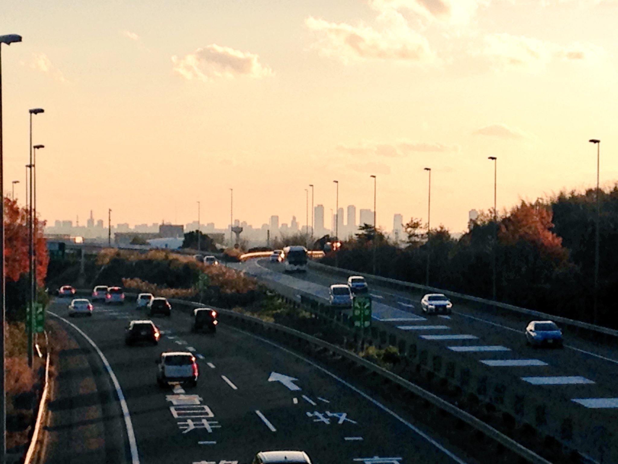 Komaki Junction001
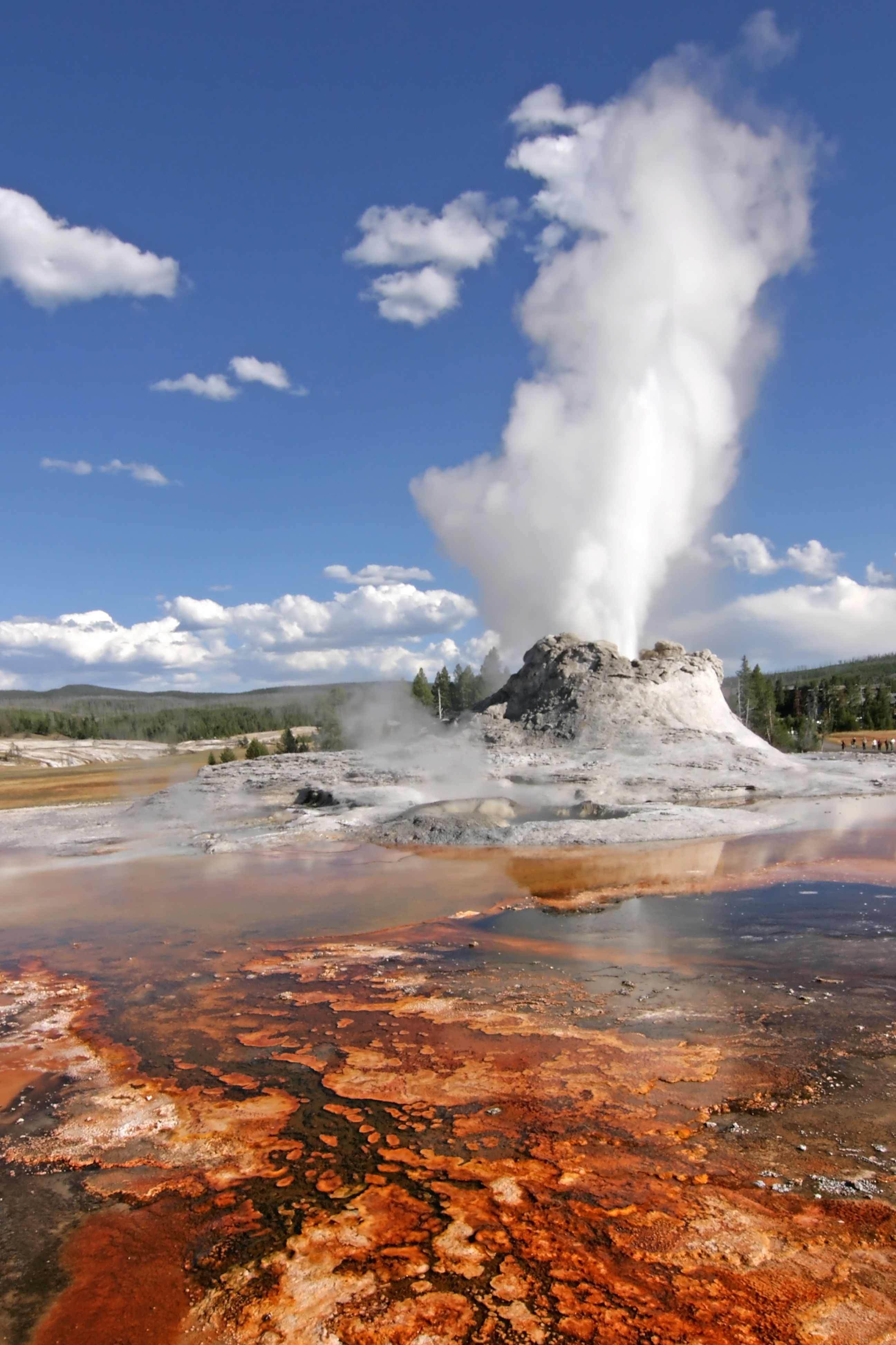 Castle Geyser during an eruption. Yellowstone National Park, Wyoming, USA.
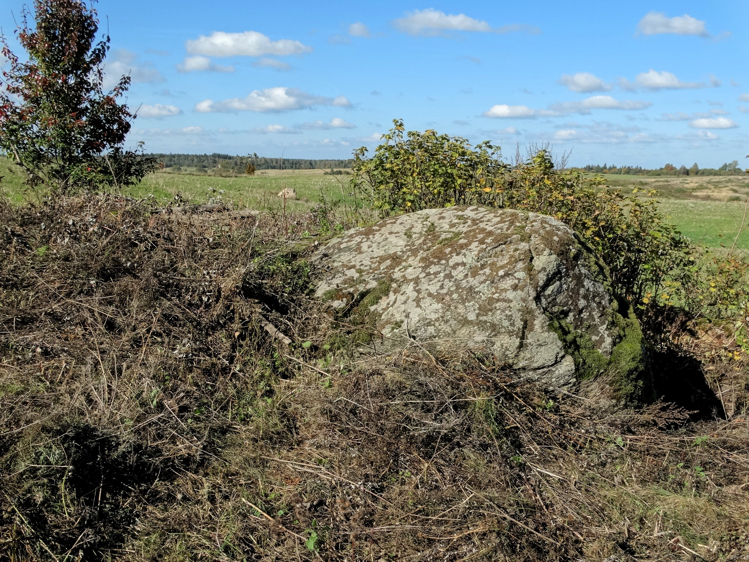 Degučio stone in Medinai, Kaišiadorys District, Lithuania
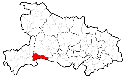 Wufeng County is highlighted on this map of Hubei province, People's Republic of China.
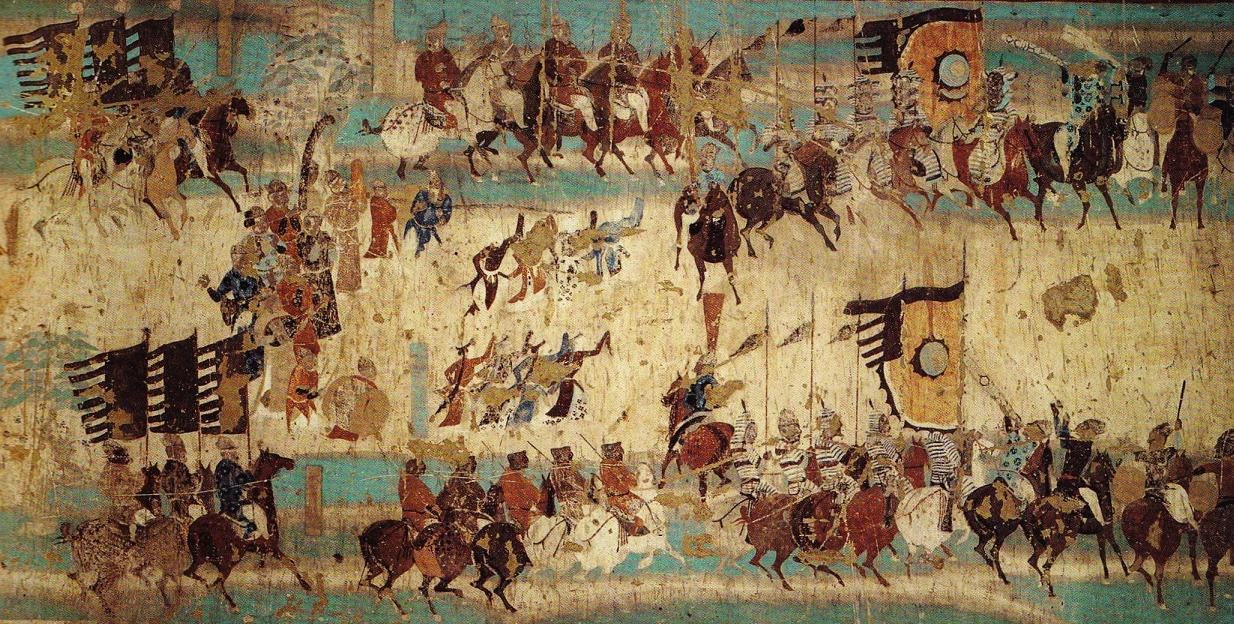 Section of mural depicting victory of general Zhang Yichao who expelled the Tibetans from Dunhuang. Cave 156, Late Tang Dynasty.
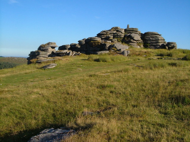 Bellever Tor. This is the main eastern mass of the tor, which has splendid views in all directions and is an easy climb only about a kilometre from two car parks. On the left is a glimpse of Laughter Tor to the southeast.
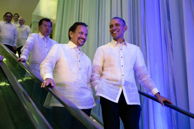 President Barack Obama talks with Sultan Hassanal Bolkiah, Brunei Darussalam, wearing traditional off-white linen Barong Tagalog shirts, at the Asia Pacific Economic Cooperation Summit (APEC) leaders welcome dinner at the Mall of Asia Arena in Pasay, Metro Manila, Philippines
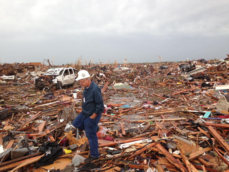 Meteorologist and civil engineer Tim Marshall surveys the remains of a residential neighborhood that was entirely flattened by the tornado.
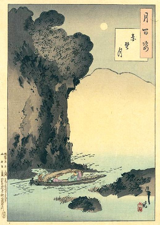 Moon of the Red Cliffs (Sekiheki no tsuki)
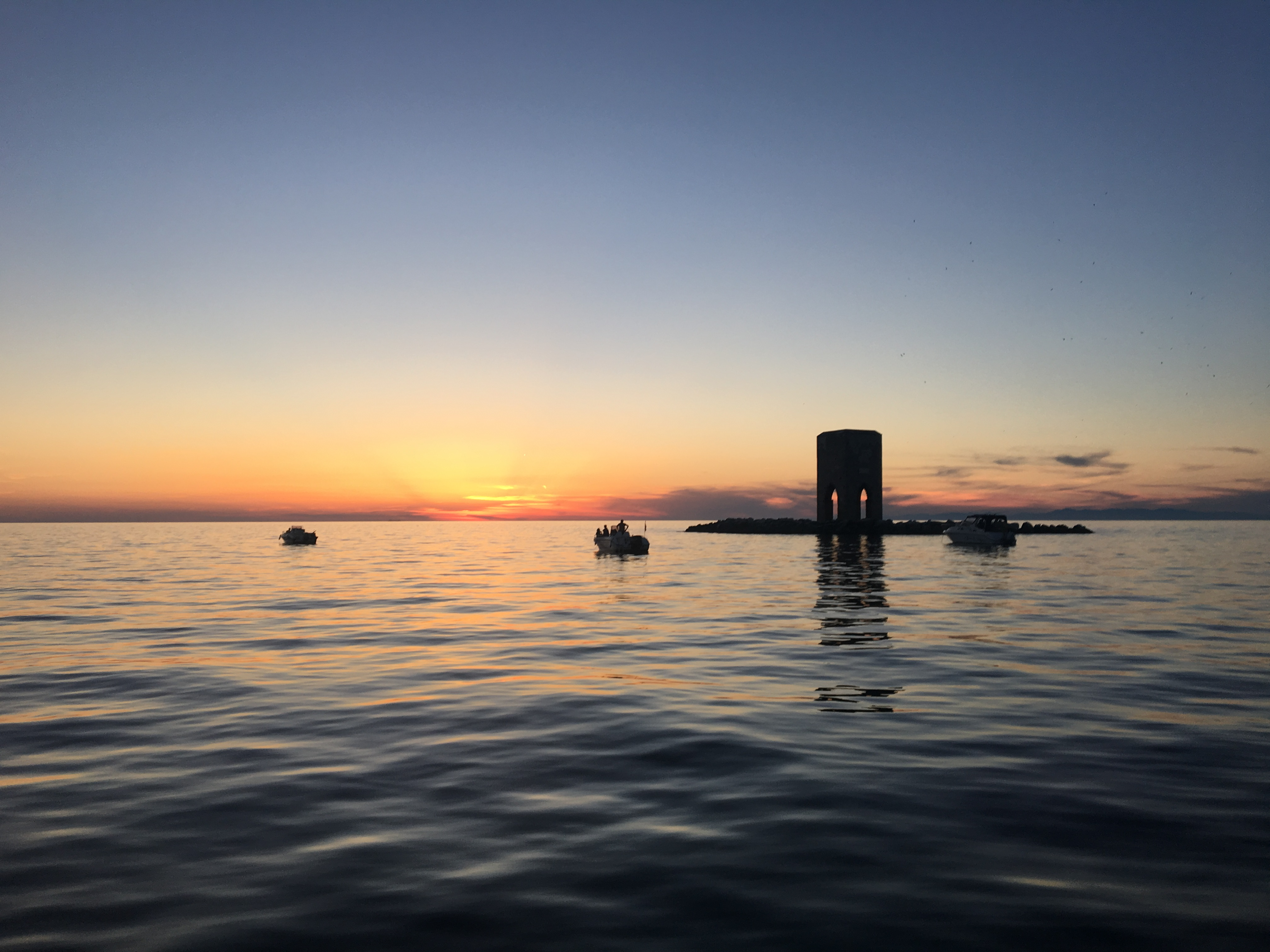 Italy, Livorno, Meloria. The Meloria Tower.

## Task objective
Please repeat the listing precisely, excluding the pictures it contains.

## Exercise response
 Komaki Junction001
 Castle Geyser during an eruption. Yellowstone National Park, Wyoming, USA.
 Degučio stone in Medinai, Kaišiadorys District, Lithuania
 Wufeng County is highlighted on this map of Hubei province, People's Republic of China.
 Section of mural depicting victory of general Zhang Yichao who expelled the Tibetans from Dunhuang. Cave 156, Late Tang Dynasty.
 Bellever Tor. This is the main eastern mass of the tor, which has splendid views in all directions and is an easy climb only about a kilometre from two car parks. On the left is a glimpse of Laughter Tor to the southeast.
 President Barack Obama talks with Sultan Hassanal Bolkiah, Brunei Darussalam, wearing traditional off-white linen Barong Tagalog shirts, at the Asia Pacific Economic Cooperation Summit (APEC) leaders welcome dinner at the Mall of Asia Arena in Pasay, Metro Manila, Philippines
 Meteorologist and civil engineer Tim Marshall surveys the remains of a residential neighborhood that was entirely flattened by the tornado.
 Moon of the Red Cliffs (Sekiheki no tsuki)
 Italy, Livorno, Meloria. The Meloria Tower.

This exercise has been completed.